Directions ::
Excluding pictures, transcribe precisely the lines from the one containing "Vliesová tapeta na" to the final line of the listing below, inclusive, and nothing more.

Dataset extract ::
»»

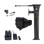 The Foil Assist is powered by two compact batteries housed in a waterproof box mounted on a lightweight eHarness (approx. 3.76 kg). This keeps your board free from extra weight and drag. With the batteries placed on your hips, the natural, fluid feel of foiling is preserved while still giving you full freedom of movement. The eHarness is buoyant and easy to remove. A cable runs neatly along the shorter board leash and connects the batteries to the eMast. The receiver integrated into the battery box ensures a stable and reliable connection between the remote and the motor throughout your entire session.
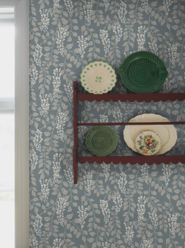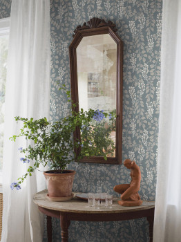 Vliesová tapeta na zeď, modrý podklad, motiv rozkvetlé Vistárie v odstínech šedo-béžové a bílé.
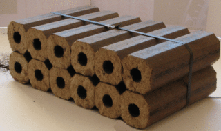 Les briquettes combustibles de différentes formes fabriquées dans les usines, qui sont fabriquées par pressage de sciure de bois, ont une densité élevée (environ 1100 kg / m3), ainsi qu'une faible teneur en humidité (moins de 9%). Leur utilisation permet d'obtenir une conductivité thermique égale à 5100 kcal/kg. Il existe des briquettes de combustible, imprégnées de composés spéciaux, qui aident à obtenir une flamme de la couleur souhaitée. Dans les foyers à foyer ouvert, les briquettes de combustible brûlent rapidement, il est donc préférable de les utiliser avec un foyer fermé.

««

Written response ::
 Vliesová tapeta na zeď, modrý podklad, motiv rozkvetlé Vistárie v odstínech šedo-béžové a bílé.
 Les briquettes combustibles de différentes formes fabriquées dans les usines, qui sont fabriquées par pressage de sciure de bois, ont une densité élevée (environ 1100 kg / m3), ainsi qu'une faible teneur en humidité (moins de 9%). Leur utilisation permet d'obtenir une conductivité thermique égale à 5100 kcal/kg. Il existe des briquettes de combustible, imprégnées de composés spéciaux, qui aident à obtenir une flamme de la couleur souhaitée. Dans les foyers à foyer ouvert, les briquettes de combustible brûlent rapidement, il est donc préférable de les utiliser avec un foyer fermé.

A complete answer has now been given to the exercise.